I believe it is long since I have written any letters to you. I hope you will excuse it. I am oppressed with too much writing, and am apt to postpone when I presume upon some indulgence.

I received duly yours of January 19th, April 20th, May 5th, and May 15th.

Our relations, Jenkins and Paddock, came to see me. They seem to be clever, sensible men.

Is there not a little affectation in your apology for the incorrectness of your writing? Perhaps it is rather fishing for commendation. You write better, in my opinion, than most American women. Here indeed the ladies write generally with more elegance than the gentlemen.

By Capt. Hatch went a trunk containing the goods you wrote for. I hope they will come safe to hand and please. Mrs. Stevenson undertook the purchasing them with great readiness and pleasure. Teasdale, whom you mention as selling cheap, is broke and gone. Perhaps he sold too cheap. But she did her best.
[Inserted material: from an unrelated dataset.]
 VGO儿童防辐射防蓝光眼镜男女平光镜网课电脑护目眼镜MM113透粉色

I congratulate you on the marriage of your daughter. My love to them. I am obliged to good Dr. Cooper for his prayers.

Your shortness of breath might perhaps be relieved by eating honey with your bread instead of butter, at breakfast.
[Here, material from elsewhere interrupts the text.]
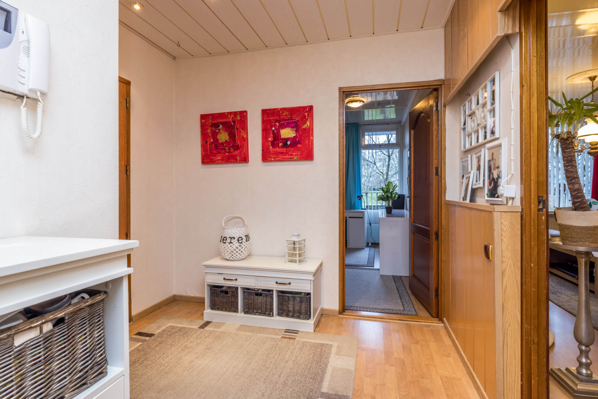 Entree/portaal met garderobe-nis, meterkast voorzien van 7 groepsinstallatie / kookgroep / 2x aardlekschakelaar en digitale meters. Doorgang naar de centrale verdeelhal met video-intercom.

Young Hubbard seems a sensible boy, and fit, I should think, for a better business than the sea. I am concerned to hear of the illness of his good mother.

If Brother John had paid that bond, there was no occasion to recall it for you to pay it; for I suppose he might have had effects of our father’s to pay it with. I never heard how it was managed.

Mrs. Stevenson presents her respects, and I am ever,

Your affectionate brother,

B. Franklin.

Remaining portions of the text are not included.